All Eyes on Migrants as Political Deal Keeps Slipping Through

The past week witnessed limited developments on the Libyan theatre as no breakthrough seems within anyone’s reach at this stage. Fierce fighting and clashes across western Libya were registered again, confirming that this area is now the epicentre of fighting between the Tripoli-based and Tubruq-based blocs. Furthermore, uprisings and armed agitation witnessed in Tripoli during the past two weeks seem to suggest that Libya Dawn forces are currently overstretched and losing whatever popular support inside the capital they had. Possibly in light of these developments and to improve its operational capabilities there, last week Misrata’s 3rd Force finalised an agreement with the Magarha tribe to end fighting in Qirah and in the Brak al-Shatti area in central Fezzan.

Keeping the above in mind, although UNSMIL’s Chief Bernardino Leon and EU’s High Representative for Foreign Affairs Federica Mogherini remain adamant that a grand political deal is now in sight, it does not come as a surprise that during the past week no significant breakthrough was registered with regards to UN-backed negotiations or tangential consultations being held in Morocco and Algeria. Actually, in light of Libya Dawn’s difficulties in Tripoli and western Libya, it is reasonable to expect hawkish elements among the Tubruq-based establishment will be further emboldened and keen to pursue a military solution to the crisis.

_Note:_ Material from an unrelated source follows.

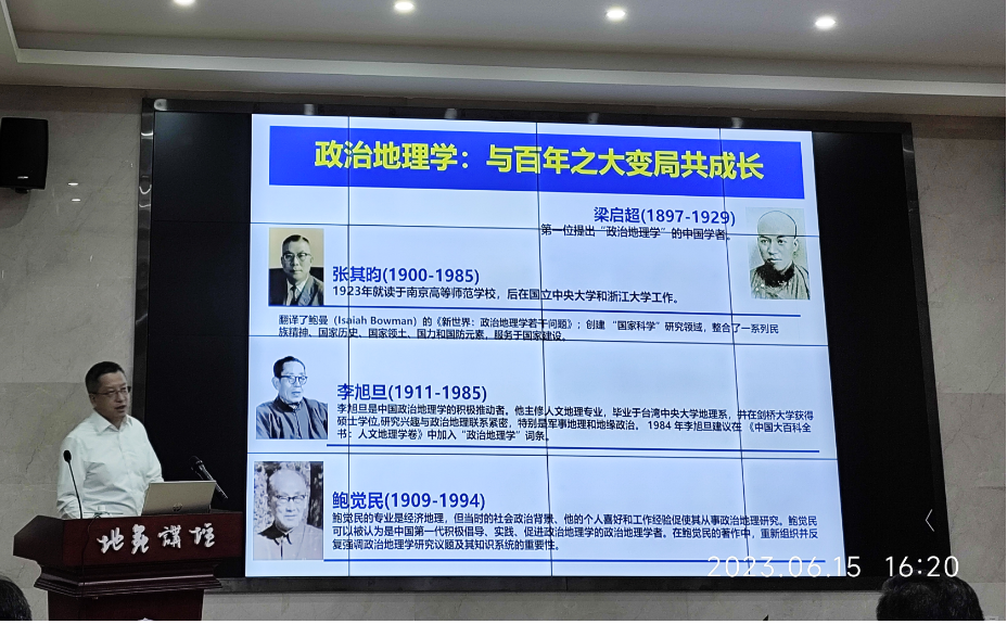 刘云刚教授以地理学的政治与政治地理学的研究背景为始,从地理学视角思考人类,提出了生存空间论涵盖的四点要求,以“与百年之大变局共成长”为核心,阐述了国内外学界对政治地理学与百年之大变局共成长的发展历程,以及西方新政治地理学的发展、西方批判地缘政治学的发展、中国政治地理学的发展与国家建设,以及实用主义的政策研究,提出了中国政治地理学的建设路径,指明了中国政治地理学未来的发展方向。

On the other hand, as a consequence of the tragic capsizing of a vessel transporting 700 migrants from the coast of Libya towards Italy on Sunday 19 April, the international community has turned its attention once again to Libya and to the security implications stemming from the lack of a stable central government there. Whilst a number of measures have been discussed by EU officials and government representatives, as well as British candidates, surprisingly little attention has been paid to the necessity of achieving a lasting political deal inside the North-African country. In fact, most plans discussed so far by EU member states in coordination with Frontex entail the adoption of measures aiming to provide quick fixes for the issue of large vessels sinking at sea. This 'treating the symptoms' while ignoring the root cause approach runs the risk of further militarising the issue of illegal transnational migration, as Patrick Kingsley brilliantly discussed on The Guardian last Saturday:

“I’m not threatened,” says Hajj, a 33-year-old law graduate. “It’s been happening for years, these promises and threats. They’ll move on. What are they going to do, put two frigates here? Two warships? In Libyan waters? That’s an invasion.” Far from panicking, Hajj and his friends are amused. What on earth would military options look like against such a tangled, complex trade? A trade deeply rooted in not just the coastal economy, but in dozens of way stations across the northern half of Africa. And one that is now reliant not just on a few experienced individuals but – thanks to the ongoing unrest sparked by Libya’s 2011 revolution – on overlapping and informal networks that emerge, morph and fade by the week.”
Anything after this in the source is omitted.